Eastern State Penitentiary

Tuesday, September 7, 2010

My Homestead...

This is another true one.




                In 2002, my father had been gone for 3 years, and my mother had been in the nursing home for a year. I decided it was time for me to pack up and move on from the family homestead.
                As I have mentioned before, I am not one who has had much, in the way of 1st hand paranormal experiences;  my sister has.  And those around me seem to. This is one of those type of situations. MY house, someone ELSE’ experience…
                A friend of mine from grade school and high school, was unemployed.  He needed money, and I needed some things done on the house, to make it more marketable. He worked cheaply and did VERY good work. So, I hired him to fix up the place, while I was away working during the day.
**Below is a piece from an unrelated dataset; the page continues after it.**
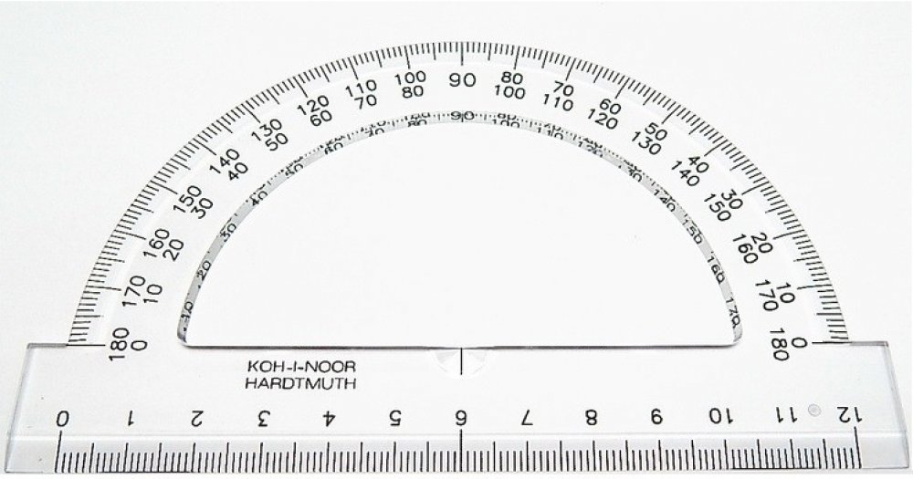 Úhloměr 180/125 vyrobený z čirého průhledného polystyrenu, stupnice tištěny technologií přesného sítotisku, tisk stupnic je odolný proti opotřebení při běžném používán, mimo dvou úhloměrných stupnic na oblouku je na přeponě natištěna 120 mm dlouhá délková stupnice, úhloměr je určený k rýsování a technickému kreslení ve škole i v kanceláři.

I also loaned him my father’s pickup to drive, so he could get back and forth from his place to mine, and acquire whatever materials he may need in the course of doing his work on my place.
                Things went well for quite a while. Then, one day, I came home from work, to find him sitting outside the house, smoking a cigarette and drinking a beer. He was shaking. I knew something had happened as soon as I looked at him. I just didn’t know what. We proceeded to tell me, that he had been working in front of the house, moving two old oil tanks, and the bricks my father had used to keep them in an upright position. He had been re-stacking the bricks, when he dropped one on his finger. He jumped and cursed.  Immediately he heard a low voice say,
                “Ow! That’s gotta hurt.”
                My friend looked around, but saw no one. He continued working. A few minutes later, he began to hear whistling, as if someone were going about their tasks and keeping themselves company. He stopped and looked around again outside, then went inside my house and searched it from top to bottom. The whistling had ceased, but he found no one.  At that point, whigged out, he went outside and began drinking. *chuckles* My friend was an amateur scientist. He had also been raised hard-core Roman Catholic. Angels and Demons figured into his world-view. The ghost of my father, haunting the home he was in for 45 years, did not.
                I calmly told him, that there was really only one person it could be, and that would of course, be my father. He knew Pop. I told him in no uncertain terms, that my father wouldn’t hurt him, and was probably appreciative of the work he was doing at the house. I also expressed to him how LUCKY he was to have heard these things. I had been there by myself, for over a year. I heard and saw NOTHING.  To this DAY, I have not had any person communication from my Mother or Father.
                My friend calmed down eventually. He never spoke of any more encounters in the house. But neither did he seem as frightened by the prospect of working there, with my father watching over his shoulder. J





Friday, September 3, 2010

My buddy's Paranormal Experience....



 This one is again, true. :)

A very good friend of mine, whom I have known for almost 25 years now, is not a HUGE believer in the Paranormal. He enjoys watching the usual shows, Ghost Hunters, Paranormal State, etc., but does not really contemplate the occurrence of the Paranormal in his own, daily life. Until recently.
Joe lives in his family homestead, with his wife, sons and his father. He grew up there with a brother and three sisters. Their mother was EXTREMELY Christian in her beliefs, which did NOT include spirits. Kinda like MY Mom, on that account. J
After living away from home for so many years, lousy circumstances forced him to have to move his family back to his ancestral home. Joe is unemployed. His father works several jobs. His wife works. His boys are at school. So, when he IS home during the day, he is alone. Or, he’s supposed to be.
Recently, he mentioned he often feels like he is NOT alone in the house, when he KNOWS there’s no one else there. I told him to get a small recorder and do an EVP session. If there WAS anyone hanging around, they’d probably speak to him. Well, he had no recorder, so he used his IPhone. As much as I detest those frikkin things, it actually worked. Go Figure.
He sent me a short clip, which he thought had something on it. But he wasn’t sure, as he did not have the gear at the time, to move it to a PC and “Pump up the Volume” so to speak. J Fortunately, I DO. I raised the volume on the clip, and cleared some of the hiss and grain away. One has to be careful not to go TOO far with such things, because one can LOSE the actual EVP you’re trying to hear.
The clip is 30 seconds. In it, a whispery voice can be heard. It seems to me to be male. What I hear is…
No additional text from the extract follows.